*Problem to solve*.
Type out the whole listing again exactly, pictures omitted.
▼
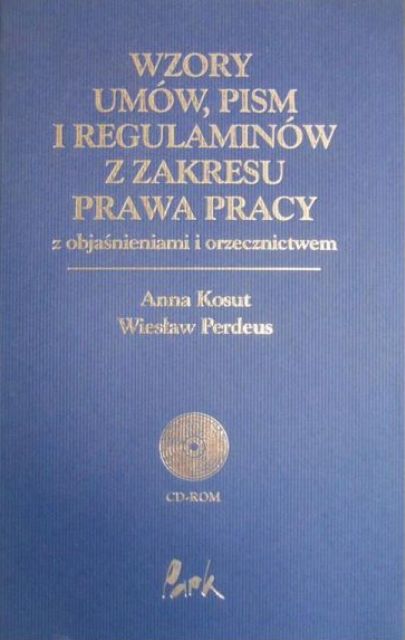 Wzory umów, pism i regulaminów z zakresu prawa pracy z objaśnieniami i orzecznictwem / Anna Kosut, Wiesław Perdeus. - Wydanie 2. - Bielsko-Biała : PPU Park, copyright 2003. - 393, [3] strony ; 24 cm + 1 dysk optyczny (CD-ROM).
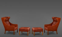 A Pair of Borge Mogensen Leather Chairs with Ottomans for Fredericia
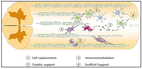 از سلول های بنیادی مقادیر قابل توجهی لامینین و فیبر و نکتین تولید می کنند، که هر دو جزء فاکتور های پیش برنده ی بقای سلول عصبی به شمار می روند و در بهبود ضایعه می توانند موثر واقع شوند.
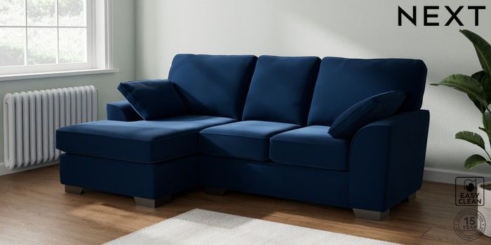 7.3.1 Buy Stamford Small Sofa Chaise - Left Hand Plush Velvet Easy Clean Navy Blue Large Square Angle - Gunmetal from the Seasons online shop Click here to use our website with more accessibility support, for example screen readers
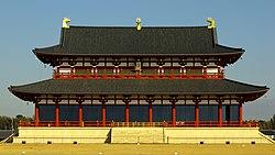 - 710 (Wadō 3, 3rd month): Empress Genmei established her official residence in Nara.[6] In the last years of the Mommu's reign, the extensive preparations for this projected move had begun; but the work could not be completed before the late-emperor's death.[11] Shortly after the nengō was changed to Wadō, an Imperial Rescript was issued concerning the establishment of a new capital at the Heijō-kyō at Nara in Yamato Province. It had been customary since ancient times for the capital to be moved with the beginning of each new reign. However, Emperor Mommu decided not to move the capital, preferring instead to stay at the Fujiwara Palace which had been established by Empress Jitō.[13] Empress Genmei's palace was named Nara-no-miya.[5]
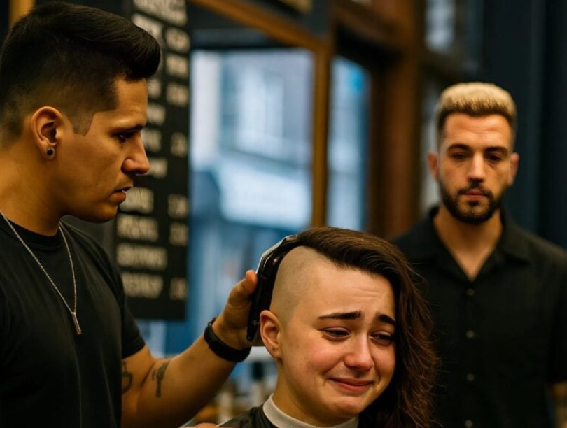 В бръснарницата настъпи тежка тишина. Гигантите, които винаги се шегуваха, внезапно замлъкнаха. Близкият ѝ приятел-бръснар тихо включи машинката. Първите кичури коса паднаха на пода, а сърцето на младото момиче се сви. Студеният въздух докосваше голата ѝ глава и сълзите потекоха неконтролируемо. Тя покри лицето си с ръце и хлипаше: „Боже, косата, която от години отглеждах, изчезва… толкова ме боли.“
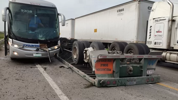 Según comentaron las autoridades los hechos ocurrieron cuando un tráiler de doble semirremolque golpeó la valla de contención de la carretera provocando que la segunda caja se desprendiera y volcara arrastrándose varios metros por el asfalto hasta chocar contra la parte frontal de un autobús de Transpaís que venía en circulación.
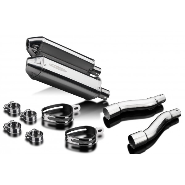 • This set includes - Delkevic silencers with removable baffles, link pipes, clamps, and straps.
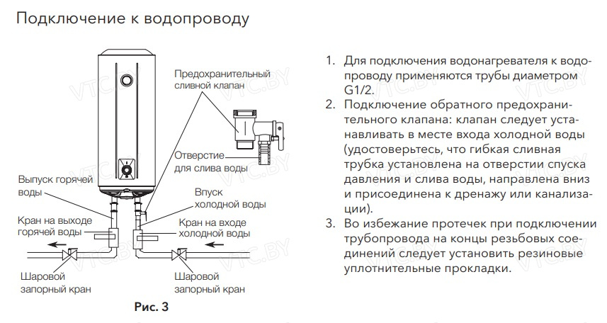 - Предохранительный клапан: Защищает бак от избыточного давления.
▲
*Worked solution*.
 Wzory umów, pism i regulaminów z zakresu prawa pracy z objaśnieniami i orzecznictwem / Anna Kosut, Wiesław Perdeus. - Wydanie 2. - Bielsko-Biała : PPU Park, copyright 2003. - 393, [3] strony ; 24 cm + 1 dysk optyczny (CD-ROM).
 A Pair of Borge Mogensen Leather Chairs with Ottomans for Fredericia
 از سلول های بنیادی مقادیر قابل توجهی لامینین و فیبر و نکتین تولید می کنند، که هر دو جزء فاکتور های پیش برنده ی بقای سلول عصبی به شمار می روند و در بهبود ضایعه می توانند موثر واقع شوند.
 7.3.1 Buy Stamford Small Sofa Chaise - Left Hand Plush Velvet Easy Clean Navy Blue Large Square Angle - Gunmetal from the Seasons online shop Click here to use our website with more accessibility support, for example screen readers
 - 710 (Wadō 3, 3rd month): Empress Genmei established her official residence in Nara.[6] In the last years of the Mommu's reign, the extensive preparations for this projected move had begun; but the work could not be completed before the late-emperor's death.[11] Shortly after the nengō was changed to Wadō, an Imperial Rescript was issued concerning the establishment of a new capital at the Heijō-kyō at Nara in Yamato Province. It had been customary since ancient times for the capital to be moved with the beginning of each new reign. However, Emperor Mommu decided not to move the capital, preferring instead to stay at the Fujiwara Palace which had been established by Empress Jitō.[13] Empress Genmei's palace was named Nara-no-miya.[5]
 В бръснарницата настъпи тежка тишина. Гигантите, които винаги се шегуваха, внезапно замлъкнаха. Близкият ѝ приятел-бръснар тихо включи машинката. Първите кичури коса паднаха на пода, а сърцето на младото момиче се сви. Студеният въздух докосваше голата ѝ глава и сълзите потекоха неконтролируемо. Тя покри лицето си с ръце и хлипаше: „Боже, косата, която от години отглеждах, изчезва… толкова ме боли.“
 Según comentaron las autoridades los hechos ocurrieron cuando un tráiler de doble semirremolque golpeó la valla de contención de la carretera provocando que la segunda caja se desprendiera y volcara arrastrándose varios metros por el asfalto hasta chocar contra la parte frontal de un autobús de Transpaís que venía en circulación.
 • This set includes - Delkevic silencers with removable baffles, link pipes, clamps, and straps.
 - Предохранительный клапан: Защищает бак от избыточного давления.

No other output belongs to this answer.